Predictions aside, traders and investors should be aware of recent market patterns to gain a better understanding of future potential outcomes. Once such pattern in this bull market that begin in 2009, has been the tendency to revisit prior lows after volatile sell-offs.
The chart above shows price action this year. After a very difficult and volatile August, stocks have leveled out and pushed back. After this week’s FOMC announcement and the Fed’s decision not to raise the short term interest rate (for now), stocks started to resume the sell-off. Before we begin talking about future potential outcomes, let’s take a look at past corrections inside of this bull market.
In May 2010 the stock market experienced a “flash crash”, where for about 30 minutes the market fell straight down as the Dow would drop almost 1,000 points in what seemed like an instance, before reversing much of the loss before the close. The market would continue to rally for a few more days before sellers once again took over. The low that was created during the crash was once again retested, on a few occasions in this case. Eventually the market would find support after a correction of 17.5% from intra-day high to low, six months later a new bull market high would be established.
A year later news of a Europe economic crash and US debt market downgrade sent stocks down in a hurry once again. At one point the S+P 500 closed lower on 10 of 11 trading days before the descent was stopped and a retrace rally began. Sellers would once again take control and the market would head lower to retest the prior lows again. This produced between a 15-22% correction depending on what index and chart you look at. It would take about six months to recover the losses of 2011 and make a new bull market high. But the S+P 500 would go on to double in value from the 2011 lows to the 2015 highs.
Whoever tells you that this bull market has been easy money is lying. The fear and volatility experienced during this six year rally has been unlike none other.

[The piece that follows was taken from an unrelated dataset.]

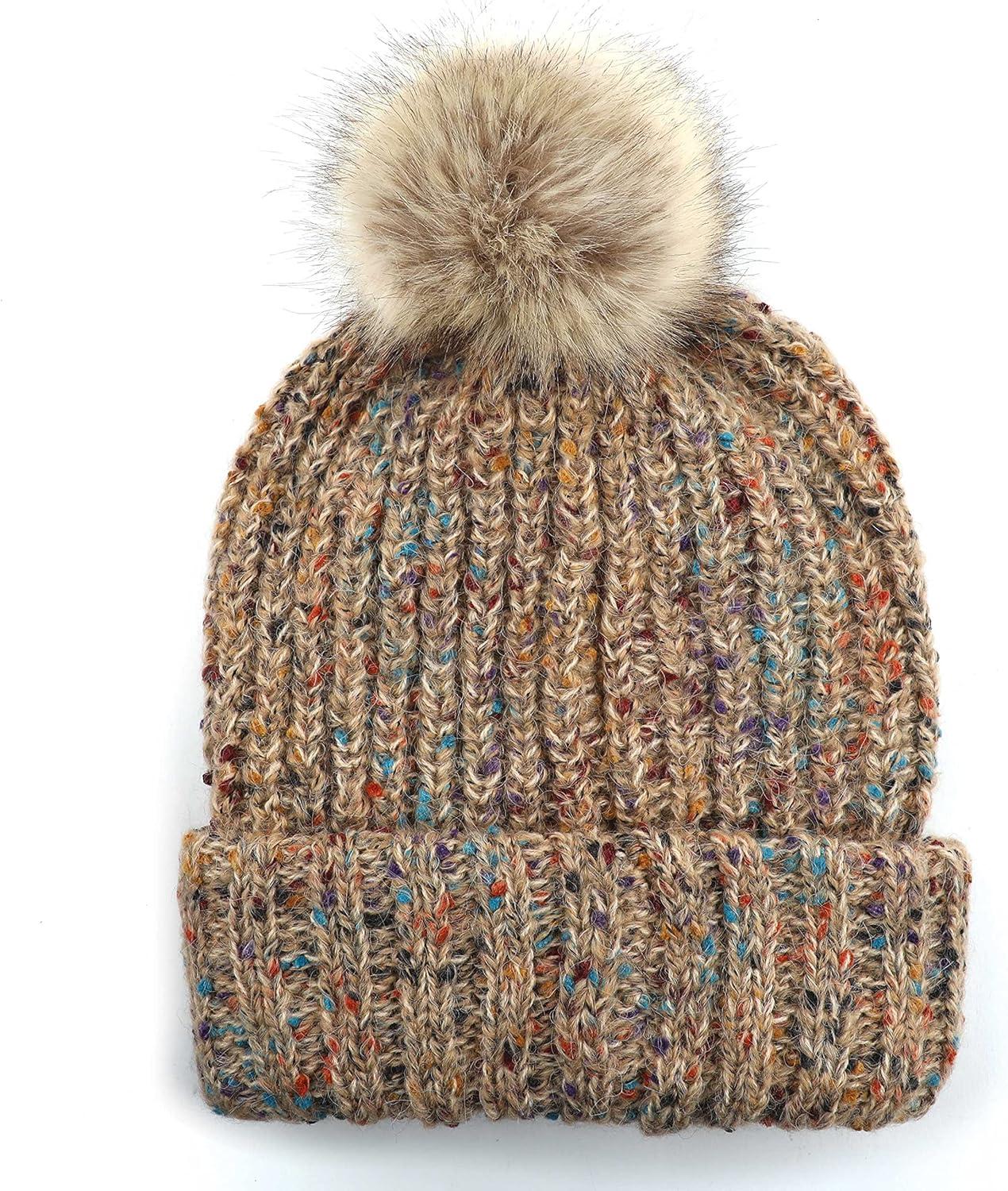 C.C Exclusives Fuzzy Lined Knit Fur Pom Beanie Hat (YJ-820)(A Confetti Mohair Ribbed-taupe)

Fast forward four years and here we are. What does this mean for us? Well if history wants to repeat itself, then the market will trade back down to the August lows of 1867 on the S+P 500 (lows on SPY and ES actually come in the 1830 equivalent on the S+P 500), and maybe even trade down to 1820 – 1800 area. This would equate to a 15% correction which is not unusual inside of a bull market. As we have just seen, there has already been two previous corrections of 15-20% in the last five years. So if the market decides that it wants to continue it’s decent lower, investors should not become afraid or dismayed. This is part of the process and it will eventually setup for the next macro rally.
But who’s to say that the August correction hasn’t already ended. The S+P 500 dropped 90 points to create a higher low, before ascending to last week’s high post FOMC. So a potential support zone going forward may be the 1930 level, which would match the size of the prior micro drop. As long as the market doesn’t spend much time below that level, I would say that odds favor the market moving higher (at least to 2040 on the S+P 500).
For investor’s, either scenario is hardly anything worth modifying your investment plan for. With the low probability of a US recession in the near term, equities remain favorable. But it’s good to prepare for different outcomes.